* [Data]
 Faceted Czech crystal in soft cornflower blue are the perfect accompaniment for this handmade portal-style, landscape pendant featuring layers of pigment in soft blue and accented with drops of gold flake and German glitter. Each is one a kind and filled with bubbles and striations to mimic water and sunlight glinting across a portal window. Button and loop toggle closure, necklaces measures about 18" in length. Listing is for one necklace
==
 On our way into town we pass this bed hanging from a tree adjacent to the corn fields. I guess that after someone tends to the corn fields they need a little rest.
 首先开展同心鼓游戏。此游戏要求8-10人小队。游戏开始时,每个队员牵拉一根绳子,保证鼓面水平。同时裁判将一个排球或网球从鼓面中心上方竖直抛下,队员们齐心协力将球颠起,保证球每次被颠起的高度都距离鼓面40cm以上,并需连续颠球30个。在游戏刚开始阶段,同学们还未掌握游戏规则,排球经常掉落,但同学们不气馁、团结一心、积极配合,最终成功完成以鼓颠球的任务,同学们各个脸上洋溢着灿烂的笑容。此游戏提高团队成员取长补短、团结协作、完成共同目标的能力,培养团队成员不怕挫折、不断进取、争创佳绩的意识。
...
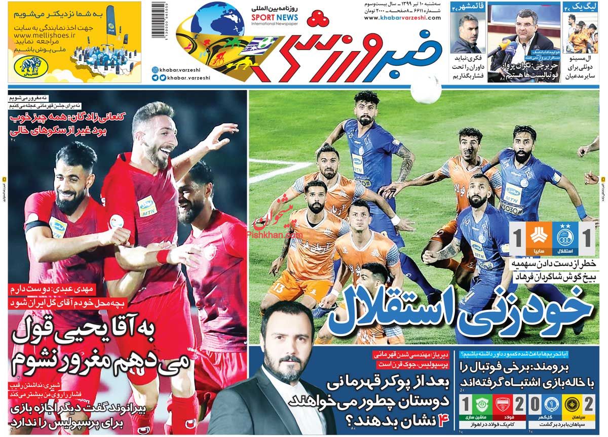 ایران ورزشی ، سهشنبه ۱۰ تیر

* [Task to complete]
Pick out each line above that includes "this" and show it.

* [Task answer]
 Faceted Czech crystal in soft cornflower blue are the perfect accompaniment for this handmade portal-style, landscape pendant featuring layers of pigment in soft blue and accented with drops of gold flake and German glitter. Each is one a kind and filled with bubbles and striations to mimic water and sunlight glinting across a portal window. Button and loop toggle closure, necklaces measures about 18" in length. Listing is for one necklace
 On our way into town we pass this bed hanging from a tree adjacent to the corn fields. I guess that after someone tends to the corn fields they need a little rest.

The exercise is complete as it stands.